- _Your goal_: Where an entry contains an image, skip the image and print the rest exactly.

- _Excerpted data_:

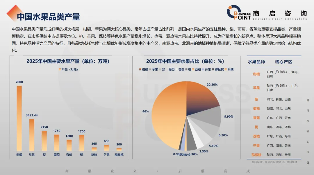 中国水果品类产量形成鲜明的梯次格局,柑橘、苹果为两大核心品类,常年占据产量占比前列,是国内水果生产的支柱品种。梨、葡萄、香蕉为重要支撑品类,产量规模稳定,在市场供给中占据重要地位。桃、芒果、荔枝等特色水果产量稳步增长,热带、亚热带水果占比持续提升,成为产量增长的新亮点。整体呈现大宗品种根基稳固、特色品种活力凸显的特征,且各品类依托气候与土壤优势形成高度集中的主产区,南亚热带、北温带的地域种植格局清晰,保障了各品类产量的稳定供给与结构优化。
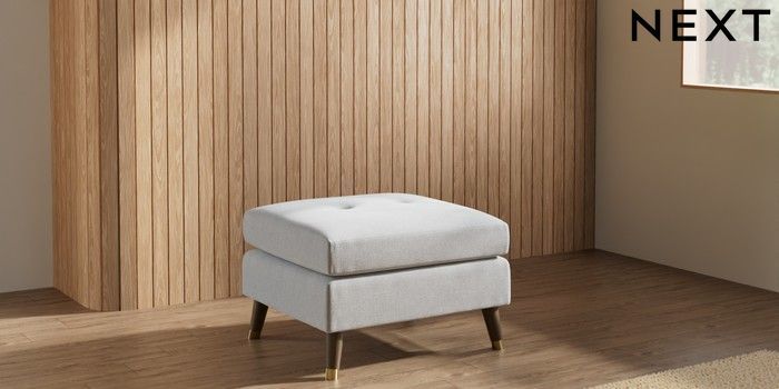 7.3.1 Buy Wilson Buttoned Back Footstool Natural Mix Light Grey Low Retro Tapered Metal Cap - Mid from the Next UK online shop
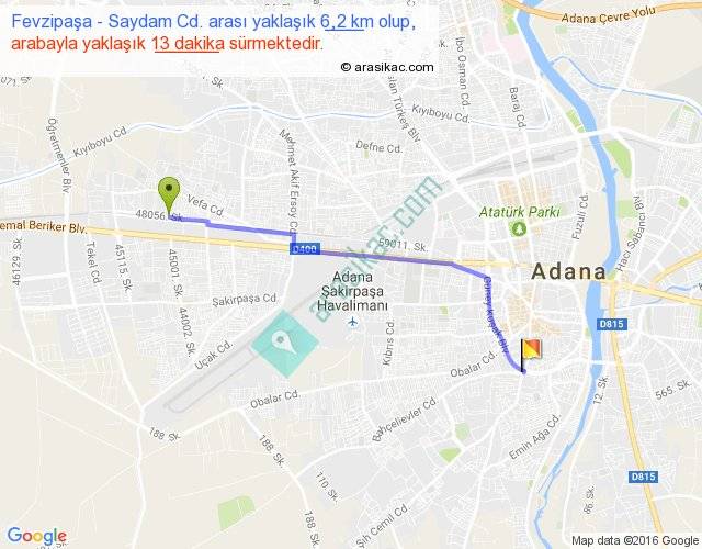 Fevzipaşa - Saydam Cd. arası yaklaşık olarak 90 km/h ile yukarıda belirtilen sürede olup, iki yerin kuş uçuşu uzaklığı (mesafesi) 5'dir. Yolculuk otobüsle 16 dakika sürmektedir.
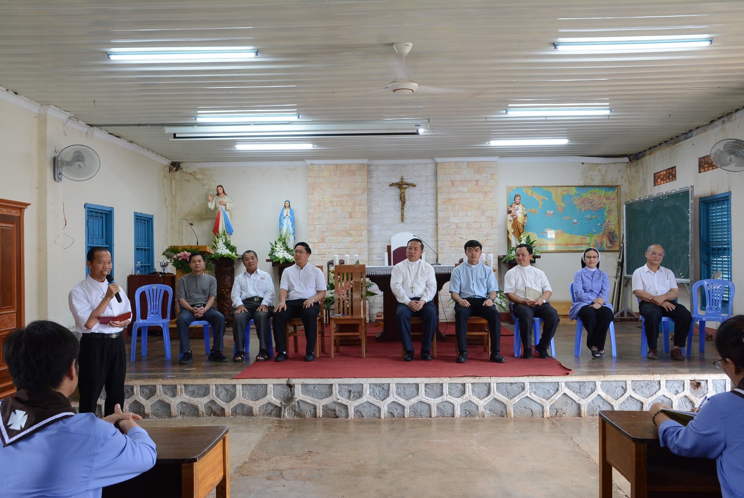Hiện diện trong ngày trọng đại này có Đức Cha Gioan Baotixita Nguyễn Huy Bắc – Giám mục Giáo phận, Cha Trưởng ban Giáo lý Gioan Baotixita Nguyễn Văn Liêm, hai Cha Phó ban Phêrô Vương Tiên Hoàng và Giuse Đinh Tiến Dương, Cha Thư ký Giuse Nguyễn Công Anh, Cha giáo Phaolô Nguyễn Đình Cương, quý giảng viên, cùng 88 học viên đã hoàn thành khóa học.
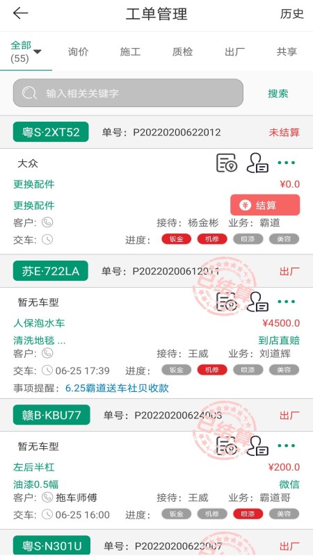 突破传统面对面交接的限制,实现全流程无纸化派工管理。通过智能终端即可完成派工任务分配,实时跟踪工作进度,确保每个维修环节都能高效有序地进行。
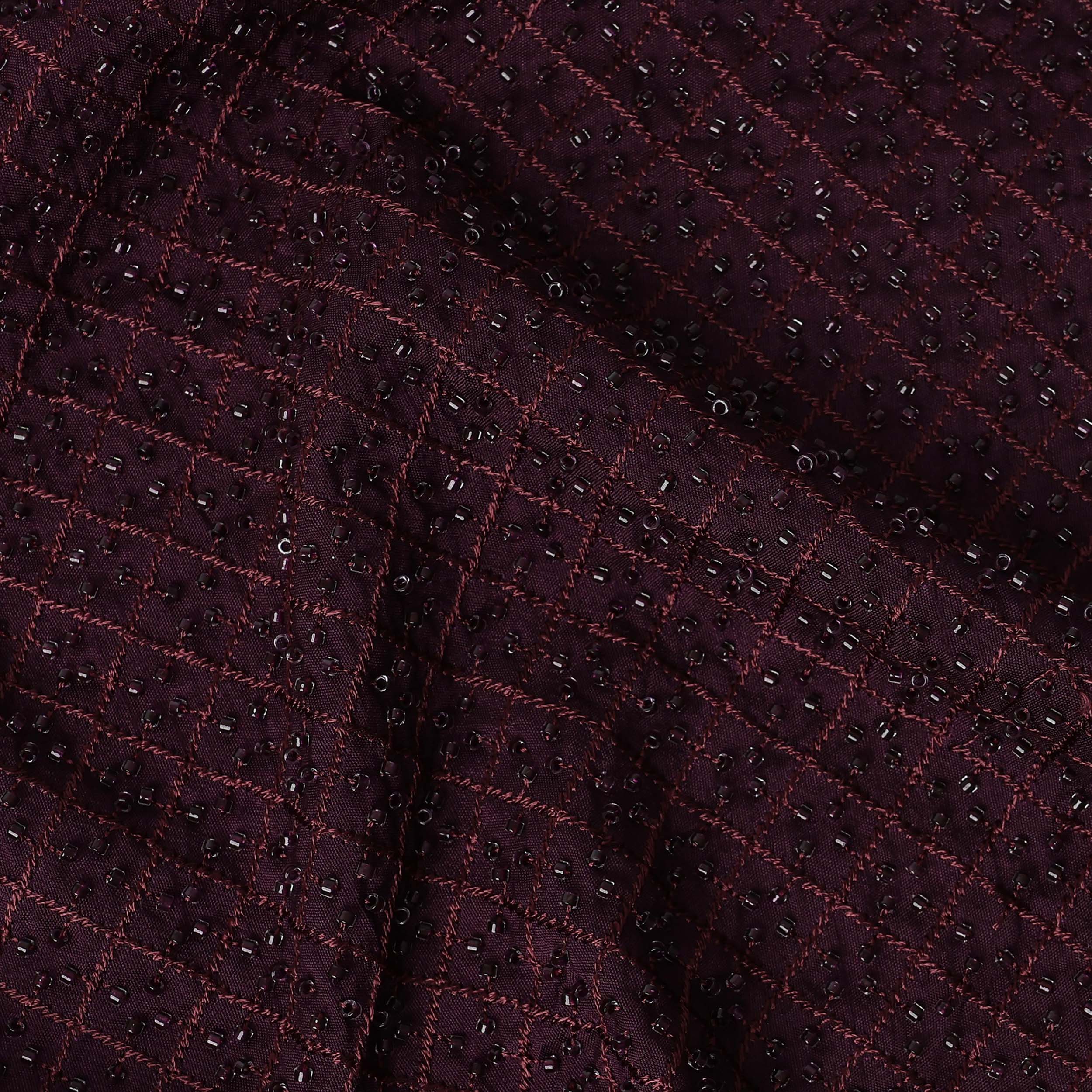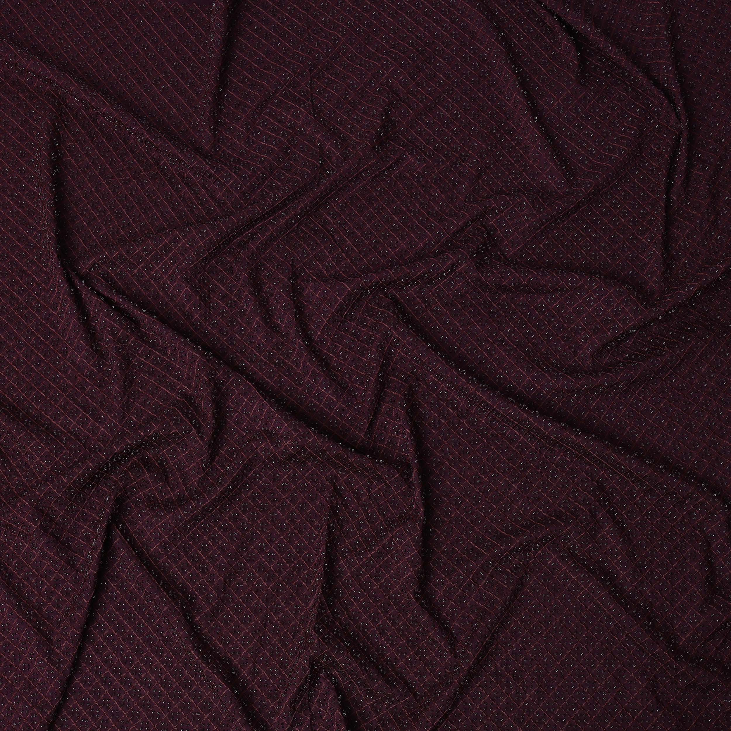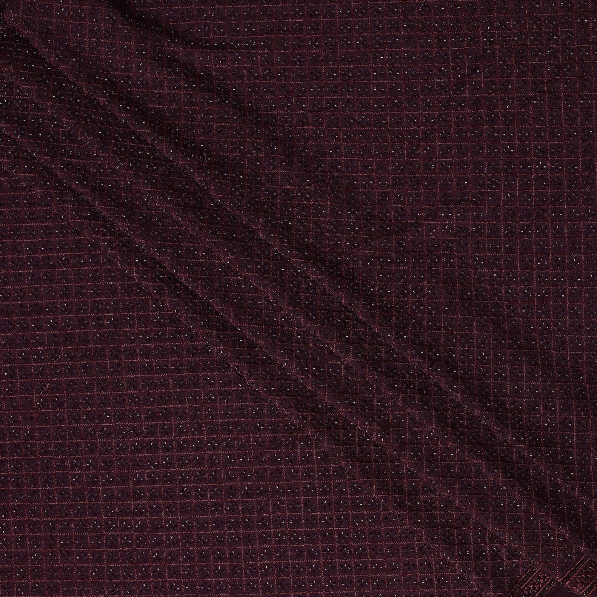 Maroon synthetic viscose fabric with elegant self-embroidered diamond pattern

- _Your response_:
 中国水果品类产量形成鲜明的梯次格局,柑橘、苹果为两大核心品类,常年占据产量占比前列,是国内水果生产的支柱品种。梨、葡萄、香蕉为重要支撑品类,产量规模稳定,在市场供给中占据重要地位。桃、芒果、荔枝等特色水果产量稳步增长,热带、亚热带水果占比持续提升,成为产量增长的新亮点。整体呈现大宗品种根基稳固、特色品种活力凸显的特征,且各品类依托气候与土壤优势形成高度集中的主产区,南亚热带、北温带的地域种植格局清晰,保障了各品类产量的稳定供给与结构优化。
 7.3.1 Buy Wilson Buttoned Back Footstool Natural Mix Light Grey Low Retro Tapered Metal Cap - Mid from the Next UK online shop
 Fevzipaşa - Saydam Cd. arası yaklaşık olarak 90 km/h ile yukarıda belirtilen sürede olup, iki yerin kuş uçuşu uzaklığı (mesafesi) 5'dir. Yolculuk otobüsle 16 dakika sürmektedir.
Hiện diện trong ngày trọng đại này có Đức Cha Gioan Baotixita Nguyễn Huy Bắc – Giám mục Giáo phận, Cha Trưởng ban Giáo lý Gioan Baotixita Nguyễn Văn Liêm, hai Cha Phó ban Phêrô Vương Tiên Hoàng và Giuse Đinh Tiến Dương, Cha Thư ký Giuse Nguyễn Công Anh, Cha giáo Phaolô Nguyễn Đình Cương, quý giảng viên, cùng 88 học viên đã hoàn thành khóa học.
 突破传统面对面交接的限制,实现全流程无纸化派工管理。通过智能终端即可完成派工任务分配,实时跟踪工作进度,确保每个维修环节都能高效有序地进行。
 Maroon synthetic viscose fabric with elegant self-embroidered diamond pattern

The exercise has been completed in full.